Once you reach the line that holds "Un trouble-fête à" in the listing below, output it and every line after it through the line that holds "Bagages Marc Newson, sac de voyage", word for word.

----

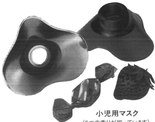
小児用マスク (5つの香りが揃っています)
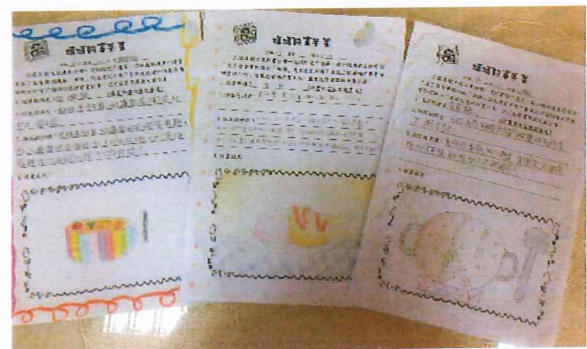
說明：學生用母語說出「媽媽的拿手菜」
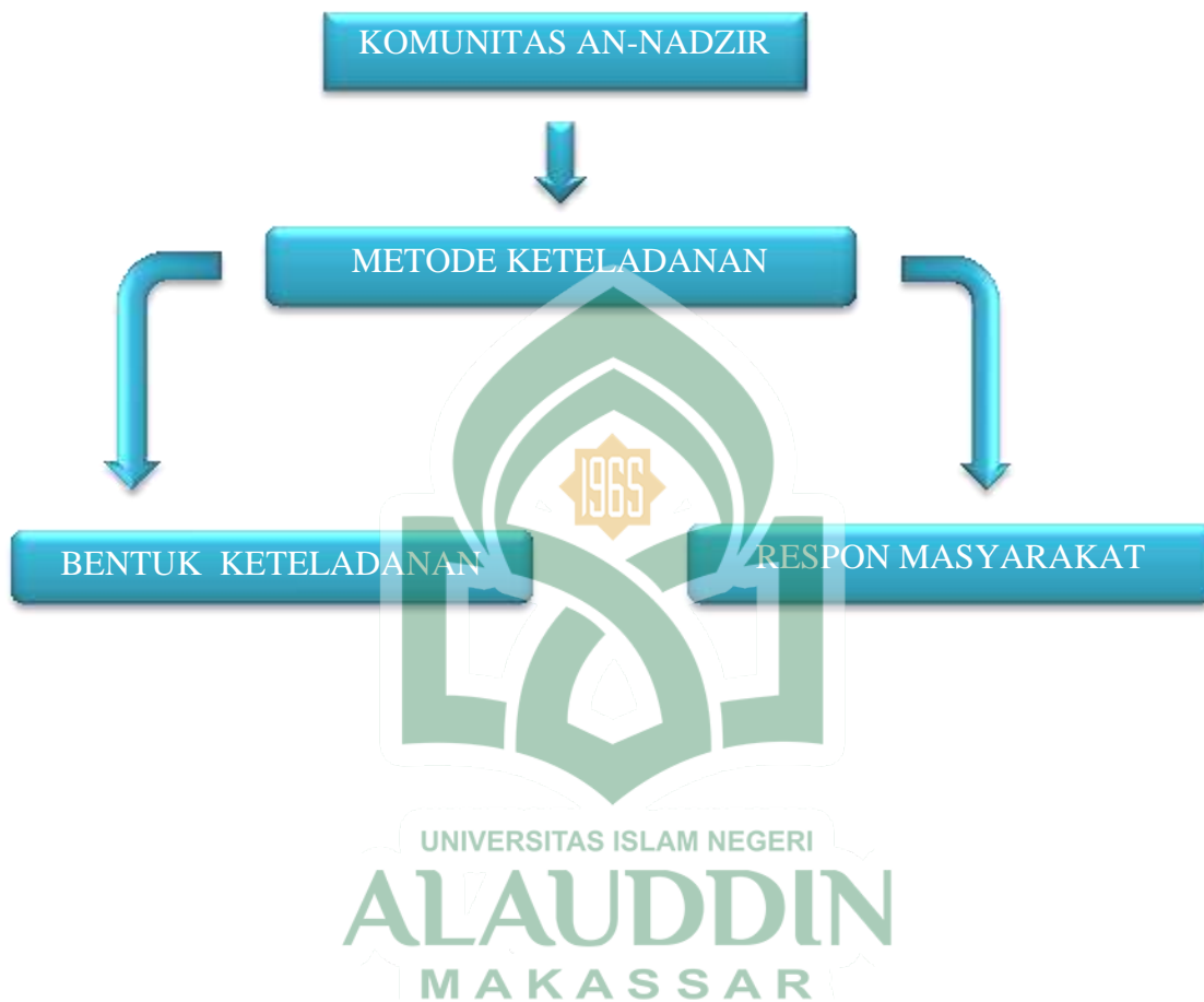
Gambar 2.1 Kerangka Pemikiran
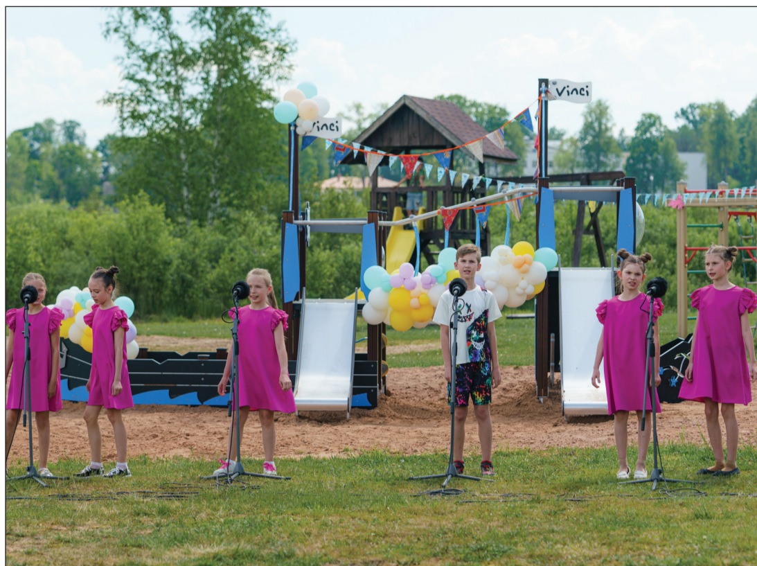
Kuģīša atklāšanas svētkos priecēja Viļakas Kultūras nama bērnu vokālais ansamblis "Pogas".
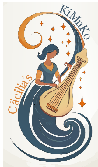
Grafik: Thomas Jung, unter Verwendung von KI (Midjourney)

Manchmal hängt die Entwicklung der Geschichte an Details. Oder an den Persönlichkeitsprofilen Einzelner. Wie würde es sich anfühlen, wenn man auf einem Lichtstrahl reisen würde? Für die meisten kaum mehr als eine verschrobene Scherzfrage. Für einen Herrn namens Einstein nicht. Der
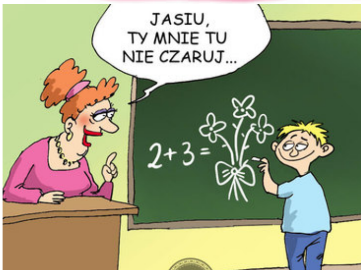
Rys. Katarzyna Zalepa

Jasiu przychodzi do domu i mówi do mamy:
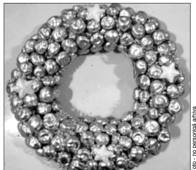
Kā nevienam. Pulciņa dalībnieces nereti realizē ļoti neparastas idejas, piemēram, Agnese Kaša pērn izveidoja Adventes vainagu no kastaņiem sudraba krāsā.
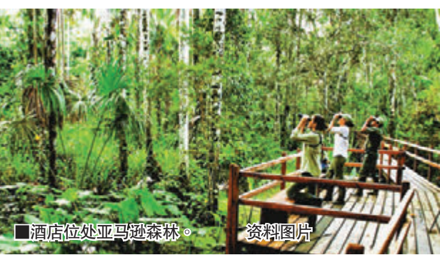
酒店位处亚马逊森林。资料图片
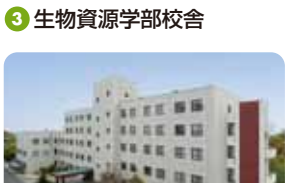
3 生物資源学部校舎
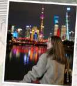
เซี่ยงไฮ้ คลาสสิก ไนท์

----

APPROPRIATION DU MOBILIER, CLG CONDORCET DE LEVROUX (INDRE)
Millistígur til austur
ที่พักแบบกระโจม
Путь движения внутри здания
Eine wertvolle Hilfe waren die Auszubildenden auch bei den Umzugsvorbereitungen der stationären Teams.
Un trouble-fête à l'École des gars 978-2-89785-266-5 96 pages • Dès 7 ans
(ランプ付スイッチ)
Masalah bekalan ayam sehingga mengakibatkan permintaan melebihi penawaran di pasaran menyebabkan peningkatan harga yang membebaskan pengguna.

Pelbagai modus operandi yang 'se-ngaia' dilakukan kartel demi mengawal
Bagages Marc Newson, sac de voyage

----

YOUR RESPONSE
Un trouble-fête à l'École des gars 978-2-89785-266-5 96 pages • Dès 7 ans
(ランプ付スイッチ)
Masalah bekalan ayam sehingga mengakibatkan permintaan melebihi penawaran di pasaran menyebabkan peningkatan harga yang membebaskan pengguna.

Pelbagai modus operandi yang 'se-ngaia' dilakukan kartel demi mengawal
Bagages Marc Newson, sac de voyage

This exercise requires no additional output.